I am new to this forum. I am a professional investment manager and trader. I would like your opinion on this portfolio which is heavily concenteated in financials. I am trying to exploit the current market opportunities.
- Liquidity squeeze is short term.
- Upward interest rate pressure is going to decline in India.
- Global trade war rhetoric will subside in coming months.
- There is no imminent global recession.
Yes Bank : 20%
Tata Motors : 17%
Sun Pharma: 15%
Indiabulls Housing : 13%
Repco home finance : 11%
DHFL : 11%
I believe current turmoil in markets because of IL&FS default and DHFL CP sales is short term in nature. Periods of liquidity squeeze in Fed taper tantrum in 2013 and demonstisation in 2016 didn’t last long. I believe with dovish Fed and low inflationary pressure in India, liquidity will be normal within next 3 months
Yes Bank : Board room tussle. Everything should be clear by 31st Jan. Stock trades very cheap compared to peers. Growth rate impeccable and foray into retail banking should support growth.
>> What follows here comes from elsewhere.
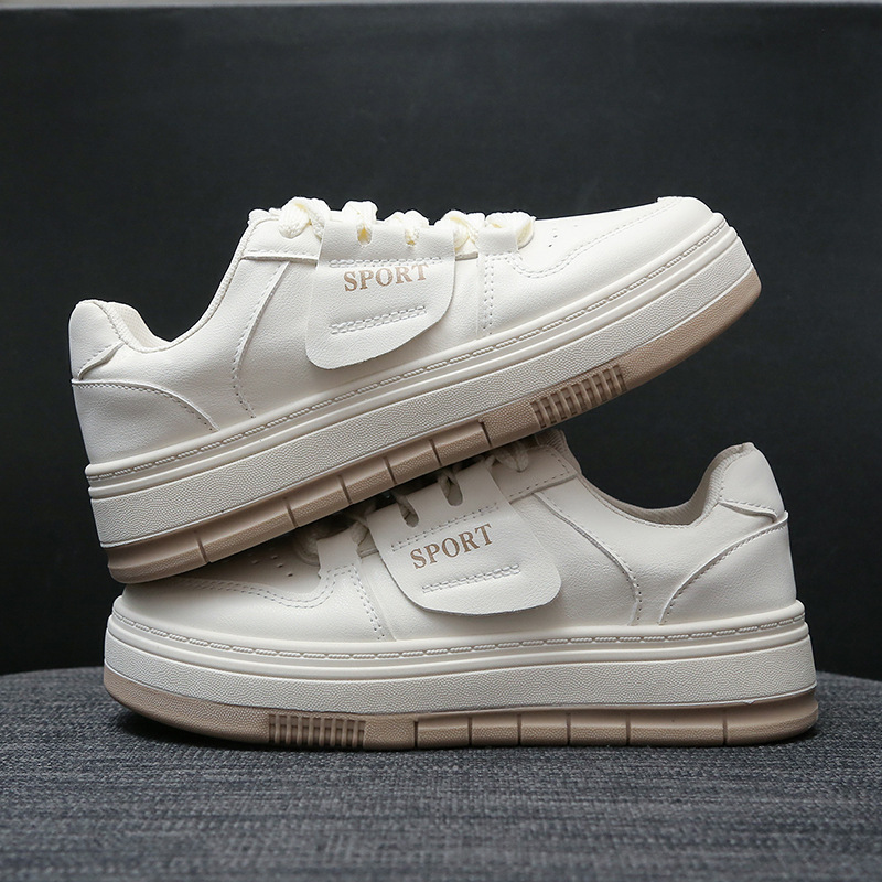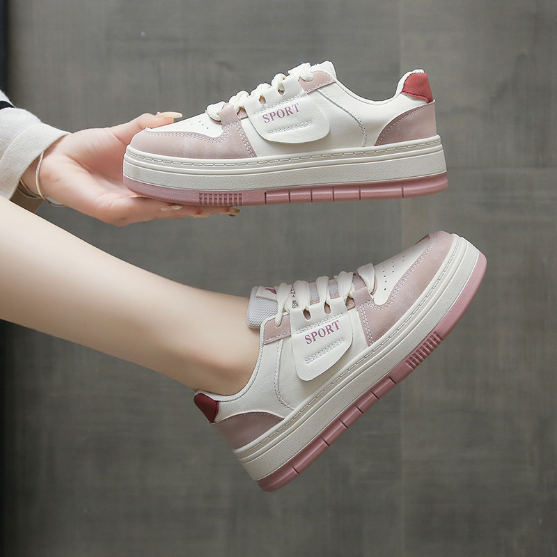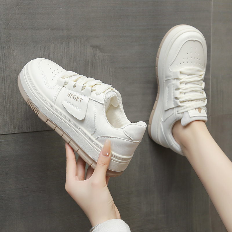 캠퍼스 스타일 화이트 신발 여성의 2024 새로운 가을 라운드 발가락 운동화 학생 올 매치 캐주얼 큰 발가락 빵 신발스토어 가기

Concerns : Cooked books, unethical practices
Tata Motors : Deep discount to book value, domestic business turning around , street is expecting worse out of trade war, Brexit and global auto sales peaking out
Risk: With FCF negative, if demand continues to slow in China and Europe, global turn around would be challenging
Sun Pharma: Dealing with corporate governance issues. With more focus on speciality, revenue and margins should increase
Risk: SEBI re opening insider trading case which at best would provide opportunity to re-enter
Ujjivan: Impressed by management track record. Near term ROA and ROE under pressure because of branch expansion. With healthy NIM and solid execution, it provides a multi bagger opportunity
Risk : Loan waivers, liquidity squeeze
Indiabulls Housing: Numbers on paper are so impressive. ROA of 3% and ROE of 27%… almost twice of peers. The company should gain market shares and grow above industry
Risk : Cooked books , liquidity squeeze
Repco Home Finance : With high NIMs in its niche segment, the company should withstand any upward interest rate and credit pressure. NPAs are improving and regional diversification should minimise concentration risk.
Risks: Tepid growth rate
DHFL: Trading at steep discount to book. Unless something is very wrong with the company, it should do well. Low ROA are a concern. However, with a benign interest rate scenario, it should benefit and grow well.
Risk : Cooked books, liquidity squeeze
I will like to know your views and any suggestions. Time period for investment is 2-5 years.